Particle Life on GPU CuPy port for long-form renders
Particle Life on GPU CuPy port for long-form renders
render_seed_480_panoramic_gpu.py (337 lines, single
file)Engine: CuPy + one custom CUDA splat kernel
Host:
ai.foxhop.net (RTX 4090, sm_89, 24
GB)Use: render seed-480 particle-life to MP4, MPEG-2 (DVD-Video), or HEVC for BD-R
What this script renders
Particle Life is a 2-D agent toy: N particles, K species, an asymmetric K×K force matrix, periodic torus boundary on both axes. One seed value fully determines the matrix, initial positions, & species assignments, so a given seed gives the same evolving universe every time on every GPU bit-for-bit. We picked seed 480 because its matrix produces a visually active universe that never stalls into a fixed point or limit cycle for hours of simulation time.
Single CuPy file drives four output targets via one MODE
switch. Each preset is a sealed dict at the top of our script — flip the
constant, run, get our target file. No CLI args needed.
Output modes
| mode | resolution | N particles | duration | target file |
|---|---|---|---|---|
| panoramic | 7680 × 2160 | 115 000 | 200 s | h264 .mp4 (~2 GB) |
| dvd_mp4 | 720 × 480 | 2 500 | 7.5 h | h264 .mp4 on data DVD-R |
| dvd_video | 720 × 480 | 2 500 | 2 h | MPEG-2 .mpg → real DVD-Video |
| bd_4k_6h | 3840 × 2160 | 115 000 | 6 h | HEVC .mp4 on BD-R |
dvd_video is our most-tested target: ffmpeg
-target ntsc-dvd produces a spec-compliant MPEG-2 Program
Stream with a silent AC-3 audio track that dvdauthor turns
into a VIDEO_TS/ folder. That folder gets
mkisofs -dvd-video packed into an ISO &
growisofs -dvd-compat -Z burnt to a Verbatim DVD-R blank.
Bootable on cheap DVD players & Xbox 360, verified on both
2026-06-29.
The four optimisations that mattered
Naïve CuPy port of our CPU renderer hit OOM on our 4090 at N=22 000 (peak 19.4 GB of 24 GB). Four changes brought peak down to 2.8 GB at the same N & raised throughput an order of magnitude:
1. Custom CUDA splat kernel — one launch per frame.
The 5×5 soft-particle splat was 25 np.add.at ops in our
CPU code, which became 25 sequential cp.add.at kernel
launches per frame. We replaced our entire splat with one
cp.RawKernel that takes
(pos, buf, kern, N, H, W) & atomically adds the 25
contributions for every particle inside one launch. The whole 720×480
frame splat now costs one kernel dispatch instead of 25.

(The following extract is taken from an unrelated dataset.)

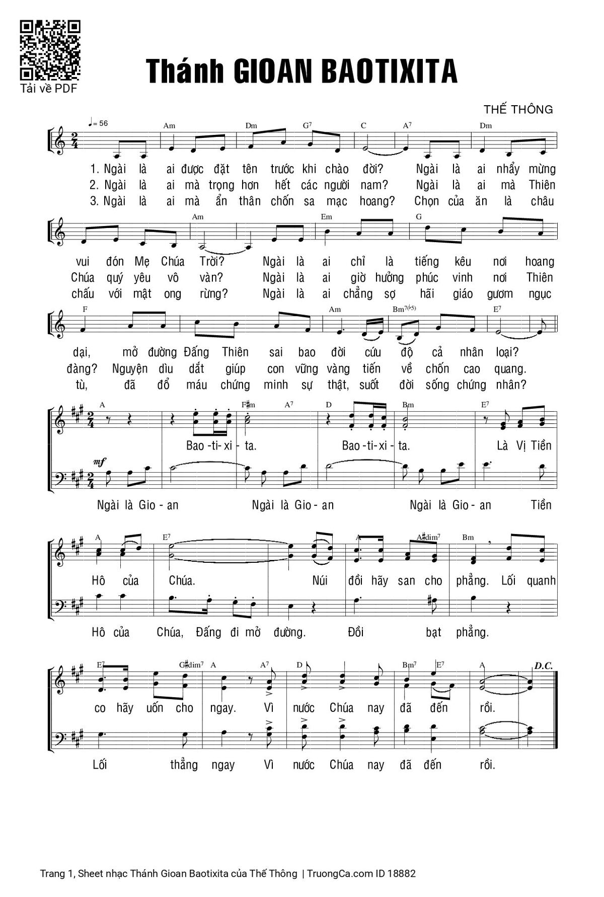 Điệp khúc. Ngài là Gio-an Bao-ti-xi-ta. Ngài là Gio-an Bao-ti-xi-ta. Ngài là Gio-an là Vị Tiền Hô của Chúa. Đấng đi mở đường. Núi đồi hãy san cho phẳng. Lối quanh co hãy uốn cho ngay. Vì Nước Chúa nay đã đến rồi.

2. ``cp.fuse`` on the force formula.
The piecewise force f(rn) — repulsive below β,
attractive between β & 1, zero beyond — was three array passes in
our pure-CuPy version. Wrapping it in @cp.fuse() lets CuPy
generate one fused elementwise CUDA kernel that does the whole branch on
one read of rn, Aij_pairs and one write to the
output.
3. Raw bytes straight into ffmpeg's stdin.
Our CPU script wrote PNGs to disk & let ffmpeg read them back. At
540 000 frames × 720×480 grayscale that would have been 186 GB of raw
data on /tmp — wouldn't fit. We open ffmpeg as a subprocess
with stdin=PIPE, send each frame as
frame.tobytes(), & ffmpeg encodes in parallel with our
simulation. Disk usage stays bounded at our final output size (~4 GB for
the 2-hour DVD-Video).
4. CUDA async memory pool + periodic ``free_all_blocks``.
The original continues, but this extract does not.